Wednesday, 5 August 2009

Terminal headaches

We have been trying to implement some new software for the CRM – the product has been used by one of our sites for some time, but not on the other sites. They had tried to use it before, but it’s not designed to be used across a WAN, so it had been set-up as multiple databases and when they started getting issues, they just stopped using the product.

The company concerned have issued a new version and our sales people have seen it and really like it. The vendor has produced a modified client GUI to run in a web browser – the idea is that those users on the remote sites would make use of that and so we could run a single database for all sites.

Well, that WAS the idea – the software runs OK locally, but when it was running through the browser, it was not as fast. Although it was usable, there was a definite speed issue, and we were worried that the users on the other site might not be convinced enough to use the product if the speed was poor.

It then occurred to me – the database was installed on the server and we also had a copy of the client software installed on the server so that we could test it was running as it was being set-up. I did a quick RDP to a server on the other site, the from there did another RDP back to the server on our site.
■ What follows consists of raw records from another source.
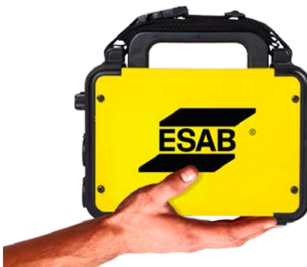
Totalmente portátil - cabe en la palma de su mano y con sólo 3kg.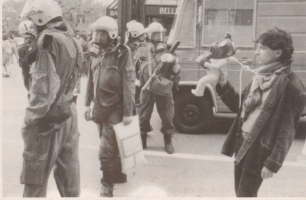
Trotzdem: Der Einsatzleiter war nicht der zweite von rechts ...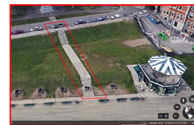
ESCALIER D'ACCÈS DU BAS JARDIN (COMPREND 2 VOLÉES D'ESCALIERS DE 9 ET 20 MARCHES AINSI QUE DES PALIERS)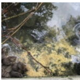
Banchettano con cigni

scritto da Redazione Abruzzo Popolare | 19 Settembre 2023

The speed of operation was good – as far as I could tell, the speed was the same as if we were running it directly at this site.
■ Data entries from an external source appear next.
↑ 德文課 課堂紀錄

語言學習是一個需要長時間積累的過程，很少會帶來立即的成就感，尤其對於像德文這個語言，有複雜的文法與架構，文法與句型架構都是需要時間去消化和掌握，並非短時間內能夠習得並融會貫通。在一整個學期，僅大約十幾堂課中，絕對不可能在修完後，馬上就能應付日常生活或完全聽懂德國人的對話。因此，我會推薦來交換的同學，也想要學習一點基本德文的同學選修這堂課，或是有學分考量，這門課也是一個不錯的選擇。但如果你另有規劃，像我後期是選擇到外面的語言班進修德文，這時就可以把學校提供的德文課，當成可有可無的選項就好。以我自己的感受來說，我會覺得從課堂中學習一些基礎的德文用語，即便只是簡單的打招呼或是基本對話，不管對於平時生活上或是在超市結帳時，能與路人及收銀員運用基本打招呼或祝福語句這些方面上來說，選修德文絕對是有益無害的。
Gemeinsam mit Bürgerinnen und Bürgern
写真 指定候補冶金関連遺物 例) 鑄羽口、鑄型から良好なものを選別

So I set-up some shortcuts and emailed them to the users at the remote site, and then talked them through how to save and use the shortcut. They agreed that this worked well and they were really happy with the speed of operation. But then we hit a snag – only 2 users at a time. As we are talking about having some 20 remote users, then there is clearly a bit of a problem.

Now my predecessor had bought volume licences for a lot of software which included some terminal server licences, but unfortunately, none of the paperwork specified what was what. I found the paperwork ages ago and set-up a profile on eOpen to manage all of the various items. - this is a great resource and I suggest that you check it out if you don’t already use it. It allows you to see what the various bits of paper refer to and it gives you details on date of purchase, vendor, type of licence, quantity etc.
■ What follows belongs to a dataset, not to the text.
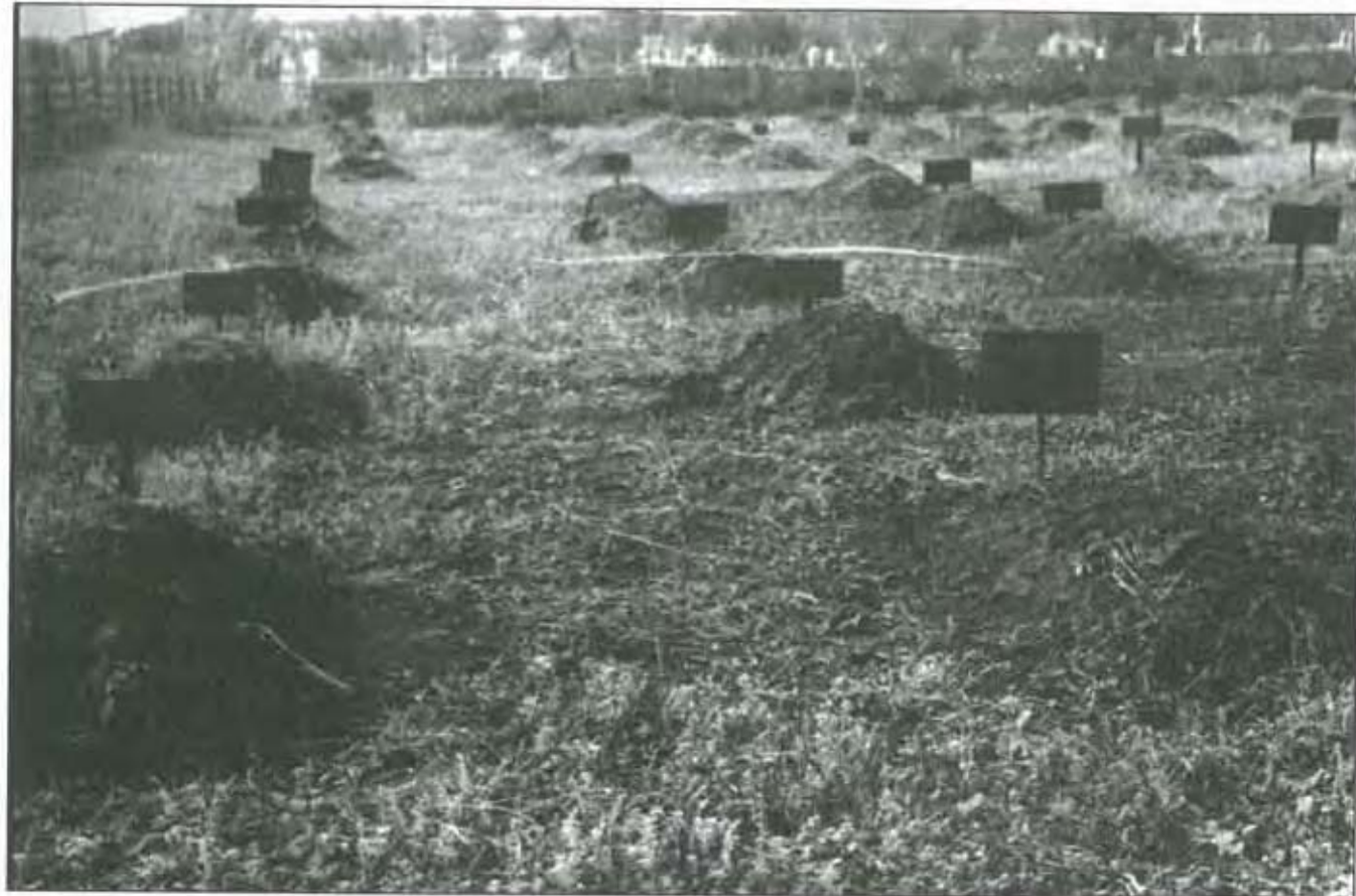
Кладовище військовополонених спецпिताлю №6027, м. Горлівка Донецької обл. Світлина 1970 р.

However, when I double checked, the Terminal Services licence server had been setup and the licences applied – so that wasn’t the problem. I then searched through the various bits and pieces and subesquently realised where it was all going wrong. The server that the software was installed on was set to use Remote Desktop as the licensing mode, not the correct Terminal Services mode. A quick couple of clicks and problem solved.

So now the staff at the remote site can all connect to the server and all use the CRM software. It seems to run just as quickly when half a dozen of them are using it – so they are all happy!